Search code examples
pythonbeautifulsoupcharacter-encoding

UnicodeDecodeError: 'charmap' when using BeautifulSoup


I'm working with the boot camp 100 Days of code of Udemy. Currently I am working on the webscraping lesson using BeautifulSoup, however, I have not been able to complete the classes because I am getting a type error that I do not know why is happening and how to solve as the code is very simple. Here, my Python code:

from bs4 import BeautifulSoup

with open("website.html") as file:
    html_doc = file.read()

soup = BeautifulSoup(html_doc, 'html.parser')
print(soup.title.name)

Here is the error

Traceback (most recent call last):
  File "C:\Users\xarss\Desktop\100 days of python\Webdev_projects\Websrapingproyect\main.py", line 12, in <module>
    html_doc = file.read()
  File "C:\Users\xarss\AppData\Local\Programs\Python\Python39\lib\encodings\cp1252.py", line 23, in decode
    return codecs.charmap_decode(input,self.errors,decoding_table)[0]
UnicodeDecodeError: 'charmap' codec can't decode byte 0x9d in position 281: character maps to <undefined>

I already tried to re-install the Beautiful Soup package and I am still having the same problem and try using other HTML files and the problem persists.

<!DOCTYPE html>
<html>

<head>
    <meta charset="utf-8">
    <title>Angela's Personal Site</title>
</head>

<body>
    <h1 id="name">Angela Yu</h1>
    <p><em>Founder of <strong><a href="https://www.appbrewery.co/">The App Brewery</a></strong>.</em></p>
    <p>I am an iOS and Web Developer.
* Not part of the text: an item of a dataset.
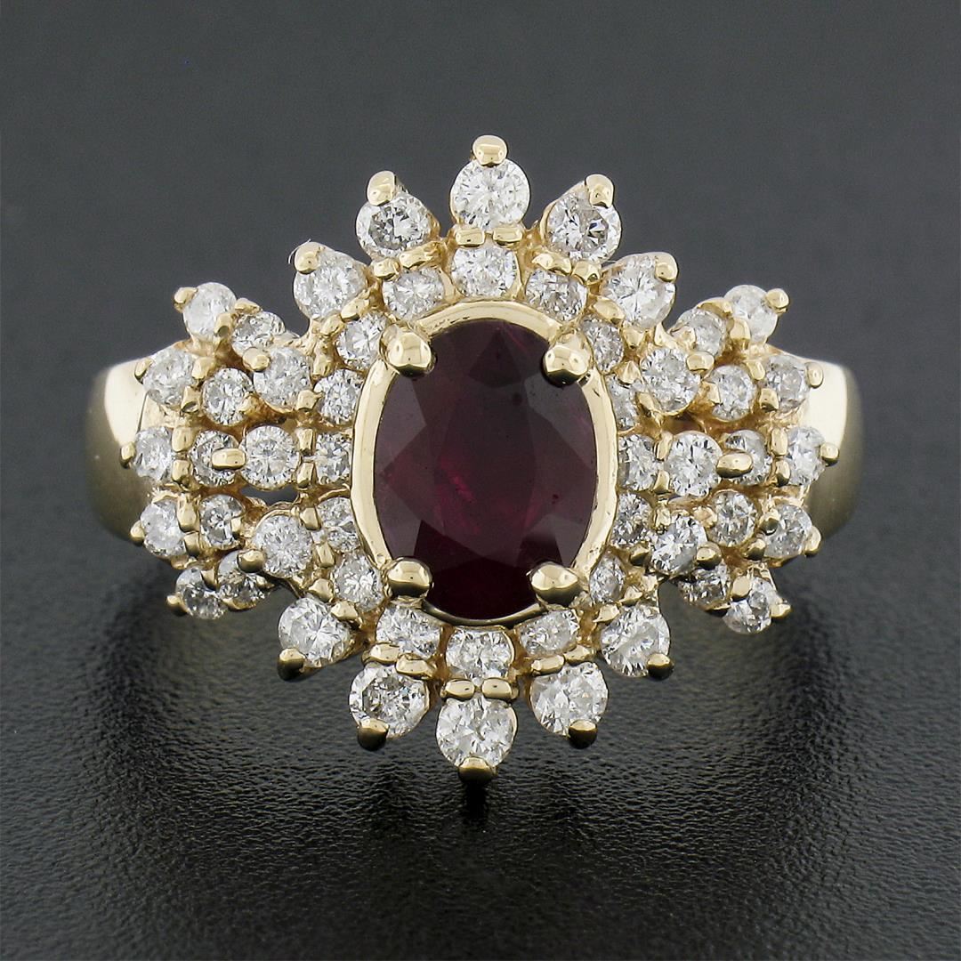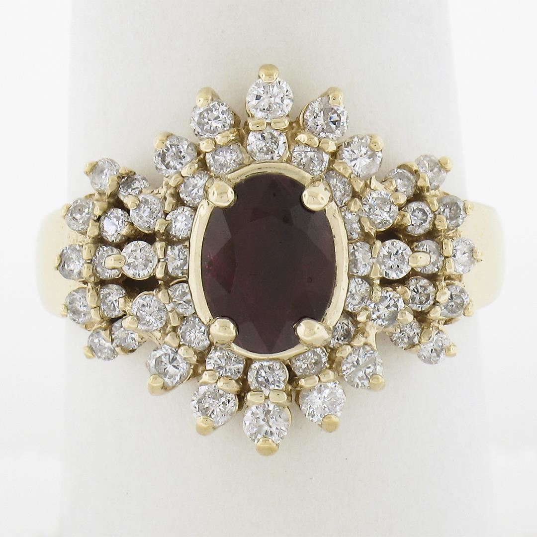 A solid 14k yellow gold cocktail ring, with 1 oval cut natural ruby (1.50ct), and 51 round cut natural diamonds (G-I - SI2-I2 ; 1.02ctw). The ring is size 9.0, weighs a total of 5.66 grams, and measures 17.3mm wide.

I ❤️ coffee and motorcycles.</p>
    <hr>
    <h3 class="heading">Books and Teaching</h3>
    <ul>
        <li>The Complete iOS App Development Bootcamp</li>
        <li>The Complete Web Development Bootcamp</li>
        <li>100 Days of Code - The Complete Python Bootcamp</li>
    </ul>
    <hr>
    <h3 class="heading">Other Pages</h3>
    <a href="https://angelabauer.github.io/cv/hobbies.html">My Hobbies</a>
    <a href="https://angelabauer.github.io/cv/contact-me.html">Contact Me</a>
</body>

</html>

Solution

  • This is a common error which we get while opening a file if we don't know the encoding.

    One of the below methods may work.

    with open("website.html", errors="ignore") as file:
    
    with open("website.html", errors='replace') as file:
    
    with open("website.html", 'rb') as file: